Laminar profile of GluA2 (green) costained with PV, CB, and CR (red) in macaque V1. There are different coexpression patterns of GluA2 with the three classes of inhibitory interneurons: high colocalization for PV (yellow double-stained cells present in all layers) and low for CB and CR. Note that CB-intense and CR-IR cells show no costaining, indicating a lack of GluA2 expression in all layers (left, red-only cells). Also note the presence of a CB-weak population of neurons in intermediate layers that are thought to be excitatory and that express GluA2 (middle left, weak yellow labeling).

PV-IR cells

PV-IR cell bodies were located in all layers, with distinctive bands of higher cell densities in layers II/III, IVc, and VI (Figs. 1, 3), as is expected for chandelier cells and basket cells, known to express PV (Van Brederode et al., 1990; Condé et al., 1994; Burkhalter, 2008; Disney and Aoki, 2008). We investigated the expression of AMPAR (GluA1 through GluA4) subunits by PV-IR cells (Fig. 4). Our analysis was based on 157 of 160 (two monkeys × four receptors × four sagittal locations × five layer locations) stacks, and three stacks with damage to layer I were removed (see Materials and Methods). We first examined whether there were differences in the density (proportion of voxels above the threshold) of the PV stain between the different colocalization conditions (GluA1 through GluA4), but found that PV density was similar (one-way ANOVA, F(3,153) = 1.322, p > 0.25), so that normalizations were unnecessary.
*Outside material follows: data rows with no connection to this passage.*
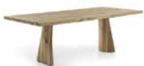
SOLID SWING OUTDOOR
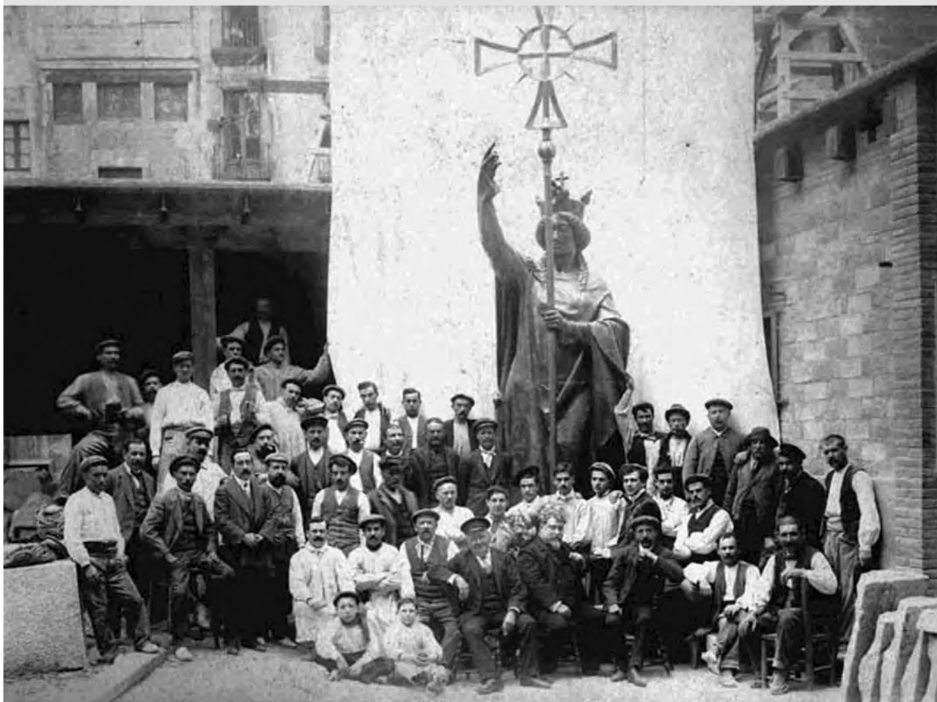
Eduard i la Santa Helena que corona el cimbori de la catedral de Barcelona
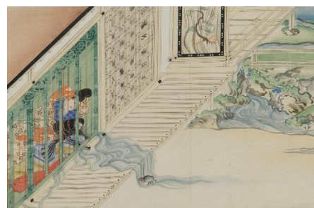
③福田太華(写) 「長谷雄草紙」(部分)
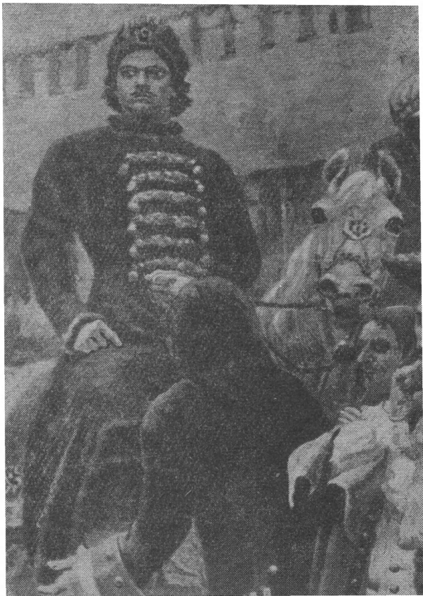
Деталь картины «Утро стрелецкой казни». Петр I на коне.
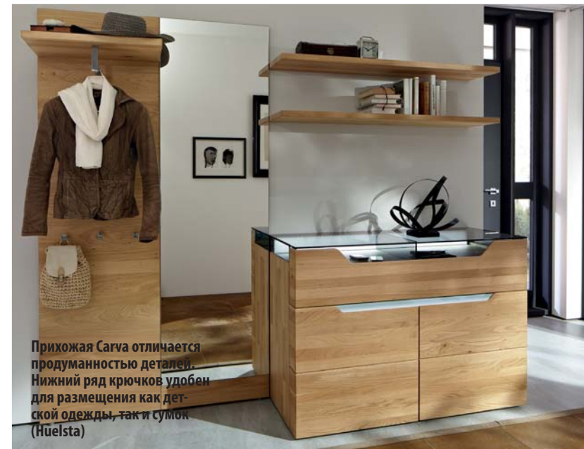
Прихожая Garva отличается продуманностью деталей. Нижний ряд крючков удобен для размещения как детской одежды, так и сумок (Huelsta)

нальным решением может стать зеркало, совмещенное с тумбой. Но оно отразит вас лишь по пояс. Каким бы ни было зеркало, располагать его нужно ближе к двери такими образом, чтобы оставался свободный подход.
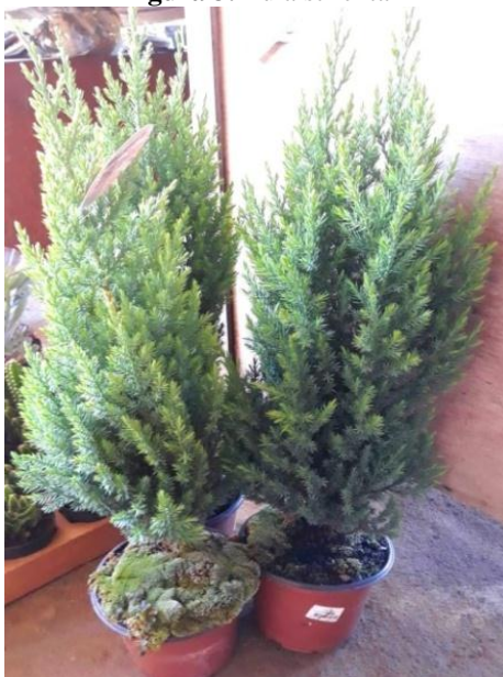
Figura 3. Tuia strickta
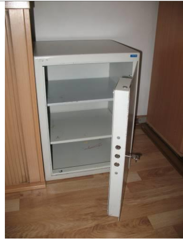
8.K43; B; 55x40x37; A
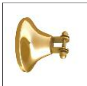
attacco braccio ottonato frontale

We observed a remarkable specificity in the colocalization of PV with GluA1 through GluA4. PV-IR cells exhibited strong expression of GluA2 and GluA3 (Figs. 24, yellow objects) and much weaker expression of GluA1 and GluA4 (Figs. 3, 4, separate green and red objects). In our main analysis, we included neuropil and cell bodies as PV-expressing “objects.” Across all layers, the probability P(GluA2|PV) that a PV-positive object expressed GluA2 was on average 0.91 (N = 39) and the mean P(GluA3|PV) was 0.93 (N = 39; Fig. 5). In contrast, the probability of expression was much lower for the other AMPAR subunits with an average P(GluA1|PV) of 0.12 (N = 40) and P(GluA4|PV) of 0.19 (N = 39). To test the significance of these differences in colocalization, we performed a two-way ANOVA, with layer and GluA subunit as factors. We observed a significant main effect of GluA subunit (F(3,137) = 755.331, p < 0.001). A post hoc analysis revealed no significant difference between the high GluA2 and GluA3 expression levels (Bonferroni-corrected t test, p > 0.9). However, the differences between the high values of P(GluA2|PV) and P(GluA3|PV), on the one hand, and lower values of P(GluA1|PV) and P(GluA4|PV), on the other, were all significant (all four Bonferroni-corrected t tests, p < 0.001). Moreover, P(GluA1|PV) was significantly lower than P(GluA4|PV) (Bonferroni-corrected t test, p < 0.05). The ANOVA did not reveal a main effect of layer (F(4,137) = 2.386, p > 0.05) and there was also no significant interaction between the layer and AMPAR subunit (F(12,137) = 1.076, p > 0.3; Fig. 5B). Furthermore, the expression of the AMPAR subunits by PV-IR cells was similar in the two monkeys (Fig. 5A, left insets). The patterns of expression were similar when we analyzed the neuropil (i.e., the smaller objects, which formed the majority) expressing PV separately (Fig. 5A, right upper inset). However, the specificity of the expression patterns became virtually absolute when we included cell bodies only (i.e., the few larger objects) in our analysis (Fig. 5A, right lower inset).

Figure 5.

Figure 5.

Expression of AMPAR subunits in PV-IR interneurons. A, Average probability across all layers computed from ∼40 images (2 monkeys × 5 layer locations × 4 sagittal positions) per bar. Inset on the right shows p values of pairwise comparisons between the four AMPAR subunit expression probabilities. PV-IR cells have a high probability of expressing subunits GluA2 and GluA3, and a lower probability of expressing subunits GluA1 and GluA4. Insets on the left show results of the individual monkeys. Insets on the right show expression in cell bodies and neuropil separately. B, Breakdown by layer (∼8 samples per data point) reveals that there is little variability across the layers. Error bars represent SEM.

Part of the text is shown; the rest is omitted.